“Alexa, dim the glass”.
Some of you will know who SageGlass is. For those who don’t, they are a US-based arm of Saint-Gobain whose marquee product is their electrochromic dynamic glass that can tint on command. Here it is in action:
It is widely used in medical facilities and office buildings in the US and other major cities around the world. I like it. It’s not cheap, but tech like this won’t be. And in the right place, can really add to the character of a building.
Now, as our daily lives become more automated, you can now ask Alexa to turn it on or off, or dim it a little.
Connected to Echo
In a report on US glazing industry magazine The US Glass Network, they report that SageGlass have been able to connect their dynamic glass into Amazon’s Echo. Many of you will have some version of an Echo device at home. The one in the featured image is our full size Echo in our living room, we also have the smaller Echo Dot in the main bedroom. If we has SageGlass at home we would be able to ask Alexa to turn it on, off or dim it.

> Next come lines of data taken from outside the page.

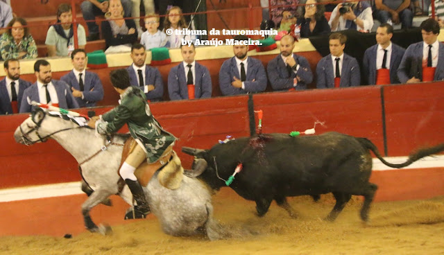 Noche negra de Parreirita Cigano, arrollados por el toro cavaleiro y caballo en un momento de la faena. Toques y desajustes en la lidia de su oponente marcaron el desempeño de Parreirita, que quiso resarcirse luego poniendo 3 banderillas "extra" autorizadas por el director de corrida. La absurda generosidad del inteligente llevó a Parreirita a creer que con sus 3 banderillas a mayores se había redimido de sus errores en la primera parte de su faena. Tan convencido quedó el cavaleiro que se creyó merecedor de dar la vuelta al ruedo y aprovechando -otra vez- la incomprensible generosidad del director de corrida que lo permitía, Parreirita dio la vuelta al Coliseu Figueirense, como si allí no hubiese pasado nada... Estas situaciones no benefician en nada a la Tauromaquia, mas siendo el cavaleiro un atrevido, ¿qué cabe decir del papel del director de corrida, tolerando lo que no debía de tolerar...?.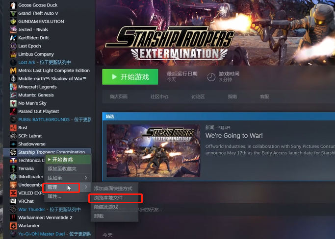 然后打开steam,右键点击星河战队灭绝游戏,点击管理-浏览本地文件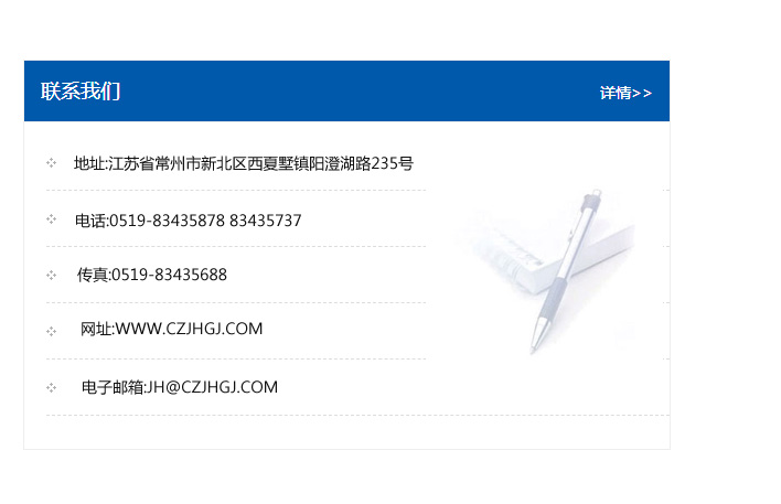 傳真:0519-83435688    郵編:213135    網址:WWW.czjhgj_com.0551yh.com    電子郵箱:JH@czjhgj_com.0551yh.com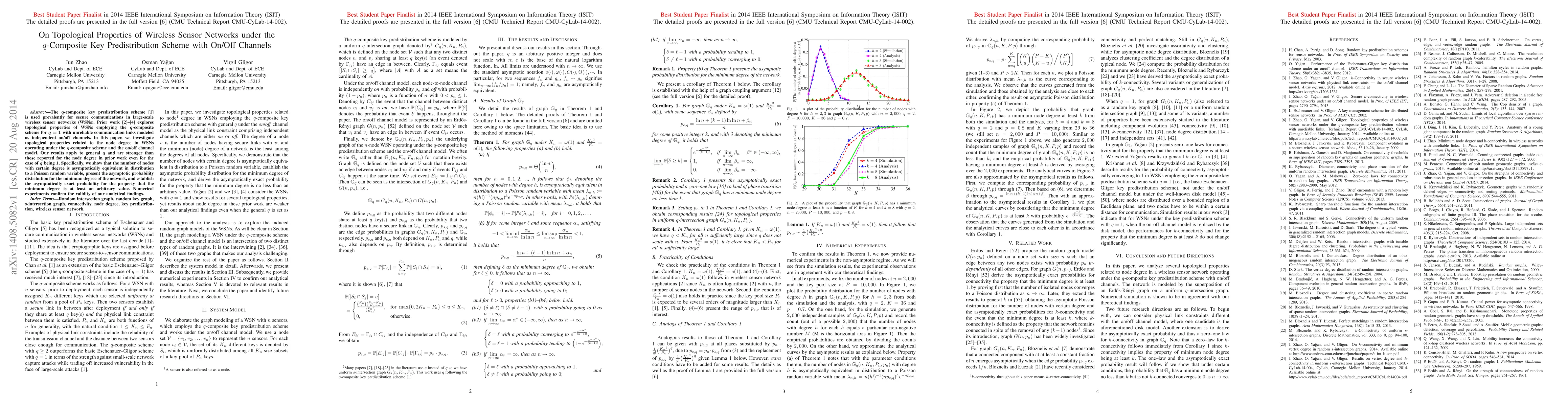 This paper investigates the topological properties of wireless sensor networks (WSNs) under the q-composite key predistribution scheme with on/off channels, showing that node degree distributions asymptotically converge to a Poisson distribution. Analytical results are validated through numerical experiments, providing stronger findings than previous studies.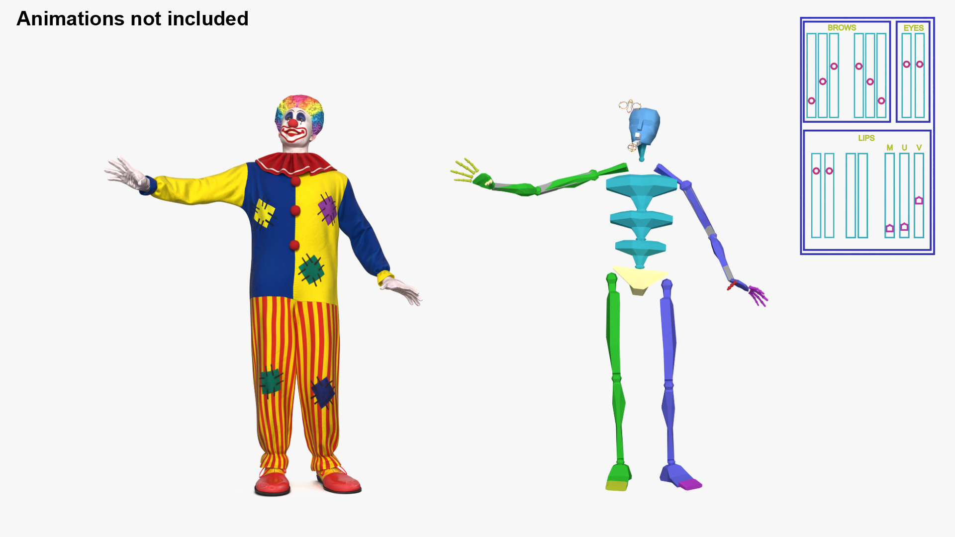 Clown Costume Rigged is fully rigged and is ready to be animated. You can easily position it the way you need or animate it the way your project requires using helpers in 3D Studio Max. See the turntable to get an idea of how rigging works.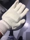 These terry baker gloves work great. Ideal for getting warm pans from oven. Not too hot but warm. These gloves fit most hands. Sits snug on the wrist.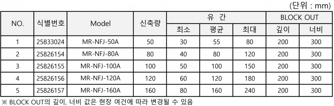 본문 품목사진 품목정보 상세 정보 뉴핑거형 교량이음장치(MR-NFJ)에 대한 특징은? · 이격 공간이 좁아 주행 시 소음이 적고 차륜 충격 및 마모성에 대한 내구성 우수 · 설치 시 온도 및 현장 여건에 맞게 프리셋팅이 가능하여 설치가 용이함 · 상판이 강재로 제작되어 내구성 우수 · 합성 고무를 사용하여 내오존성, 내한성 내구성 우수 · 1.8M로 제작되어 부분 보수 가능 · 분절 시공이 가능하여 전면 통제하지 않고 부분 보수가 가능하여 시간 및 비용 절감 목록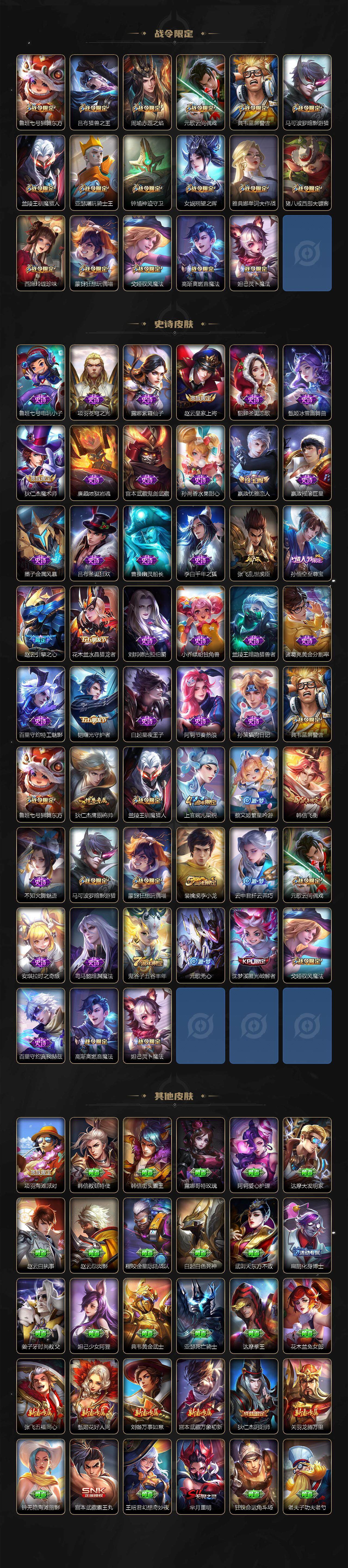 【限定皮肤】:狄仁杰阴阳师,赵云皇家上将,赵云引擎之心,嬴政优雅恋人,鲁班七号狮舞东方,高渐离玩趣恶龙,芈月重明,吕布猎兽之王,周瑜赤莲之焰,元歌云间偶戏,元歌无心,夏侯惇朔风刀,典韦穷奇,典韦蓝屏警告,马可波罗暗影游猎,狄仁杰魔术师,狄仁杰万华元夜,项羽海滩派对,老夫子醍醐杖,程咬金演武夺筹,韩信飞衡,兰陵王驯魔猎人,兰陵王金庭之子,亚瑟潮玩骑士王,孙悟空至尊宝,牛魔御旌,李元芳云中旅人,钟馗神迹守卫,钟馗驱傩正仪,女娲朔望之晖,雅典娜单词大作战,蔡文姬繁星吟游,鬼谷子原初探秘者,鬼谷子五谷丰年,百里玄策白虎志,弈星混沌棋,沈梦溪大漠名商,沈梦溪匿光破解者,明世隐疑决卦,裴擒虎李小龙,裴擒虎擒涛扼浪,狂铁御狮,米莱狄御霄,云中君纤云弄巧,李信山海炽霜斩,盾山御銮,猪八戒西部大镖客,上官婉儿梁祝,西施玲珑珍味,蒙犽狂想玩偶喵,鲁班大师探海日志,桑启海盐诗旅,戈娅驭风魔法,张良古海寻踪,高渐离燃音魔法,妲己灵卜魔法,鬼谷子天穹祈灯,沈梦溪龙舞盛年,刘邦剑破天穹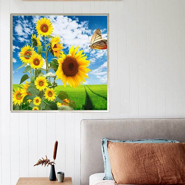 準上級 フル ダイヤモンドアート キット ビーズ刺繍 ひまわり 向日葵 青空 田園風景 蝶 モザイクアート パズルアート リハビリ 趣味 絵画

In the article on USGNN SageGlass explains:
SageGlass is integrating its dynamic glazing with Amazon Echo, giving users the ability to control the tint of their glass though voice command.

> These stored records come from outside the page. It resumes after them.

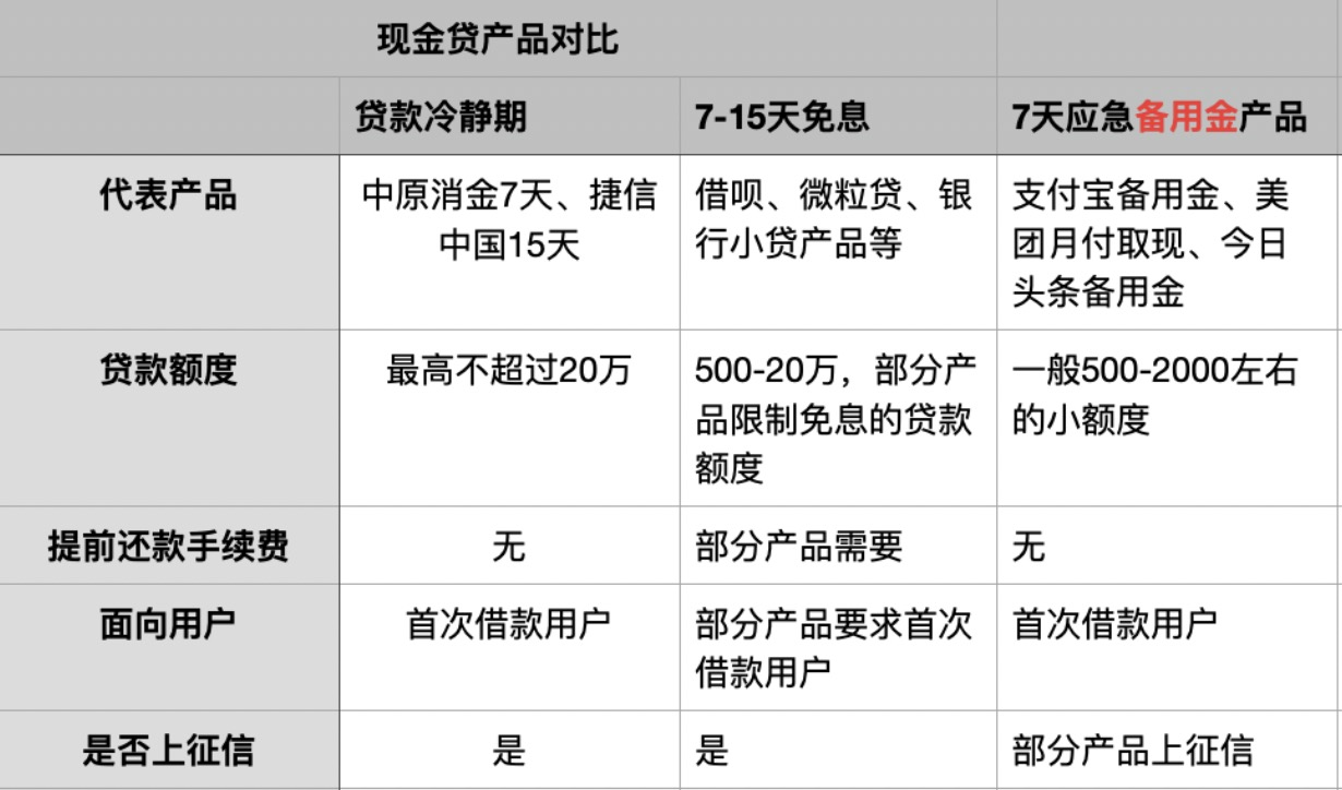 但经界面新闻记者对比发现,从产品规则来看,免息概念背后存在不少附加条件,这些条件包括用户贷款额度、提前还款手续费、以及用户门槛等需求。以目前最为流行的7-15天免息活动而言,在免息的需求下,部分产品会限制贷款额度。在蚂蚁借呗曾推出的10天免息活动中,曾存在3000的贷款额度限制。“备用金”概念下,信贷额度则普遍偏小,约在500元左右。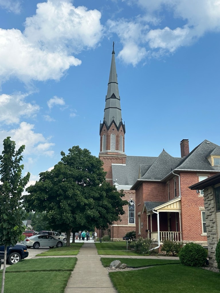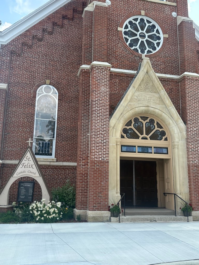 We didn’t spend much time there as we needed to make it to a 4:30 Mass that afternoon, so we headed out to the town of Wabasha.  I love it when you are driving into a town or city and you see the spire(s) of a beautiful church in the distance.  As you get closer to this beautiful church, you’re really hoping that it is the Catholic Church of the town that you are seeing.  This is what was happening as we drove into Wabasha (which is back in the state of Minnesota.)  I was so excited to see that we were making turns to reach this beautiful church that I had seen in the distance.  This beautiful church turned out to be St. Felix.  We easily found a parking spot for the RV on the road and went inside for Mass.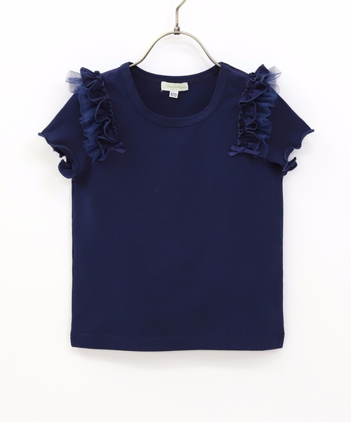エレガントなショルダーフリルが立体感ある半袖トップスカラーバリエーションが豊富なpanpantutu定番人気のフリルショルダートップス。無地ベースに、肩部分にはコットンとチュールのフリルを重ねてボリュームを。ワンポイントにプチリボンをトッピングして女の子らしさアップ。柔らかい着心地の良いよく伸びるストレッチ生地。合わせるだけで、いつもと違うちょっぴりドレッシーなスタイルに。~サイズ展開80~150cm~▽小さいサイズはこちらを検索してね80~100cm:57325309【panpantutu/パンパンチュチュ】~小さなレディの宝物になるお洋服~東京・代官山で人気の子供服ブランド。pan-pan tutu(パンパンチュチュ) はフランス語でおしりぺんぺん!ふわふわチュチュにお花やリボン…上品かつクラシックなスタイルに、女の子が大好きなモチーフをバランスよくとり入れた『スイートシックな世界』を提案しています。

The Echo can be installed in buildings that already have SageGlass, depending on cloud connection capability.
“Voice control in homes is driving the landscape of the internet of things. It allows homeowners to streamline everyday tasks that they never thought would be connected,” says Ryan Park, global head of product management at SageGlass. “It was a natural progression to get into the commercial space to make use of connectivity to streamline tasks and efficiencies. Market forces are making manufacturers think about the connectivity of their products.”
Companies and developers are allowed access to the Alexa network in order to develop specific “skills”. Consider it an app dedicated for Alexa. Once Amazon has approved the skill it can be put on their services for people who use Echo devices to then enable for them to use it at home or at work.
The article states that SageGlass have already completed the skill development, and will be working to integrate it at their HQ where they will be able to test and demonstrate it there.
Glass and automation one step closer
Like it or loathe it, home automation creeps ever closer which each development like this. Samsung have smart fridges, Alexa can turn on your lights and operate your heating, and now you can dim your glass via Alexa too. How we live in our spaces and buildings is evolving and is now being adapted to suit our habits and is no longer a case of humans fitting into and around a home.
I like this development a lot. Obviously this isn’t going to have a big direct impact on the home owner market here in the UK. This is still going to be something based very much in the US and in the commercial sphere at the start. But, as homes do get smarter and new-build and retro-fit specifications get better, I think we will see more electrochromic glass products in homes here in the UK in the future. And if and when that does happen, it is this particular step forward which demonstrates that it can be done.
As we move forward, windows and doors are going to be adapted more and more to integrate to smart home systems. There are now a few out there, Amazon’s Alexa, Google’s Home and Apple’s HomePod. Glass, door locks, locking mechanisms, in-built sensors are all going to feature in our industry. In reality, all practical things in our daily lives are open to becoming either automated or “smart”. Windows and doors won’t be immune from that.
We have already seen a number of smart door lock manufacturers enter the market, and a number of other well established hardware companies produce their own smart locks as well. To prove their worth, Amazon recently bought Ring the smart door bell and home security company for over $1bn. Assa Abloy bought smart lock maker August at the end of last year also. Door tech like this is valuable, and the fact that startups are now being acquired by the very biggest demonstrates their future importance.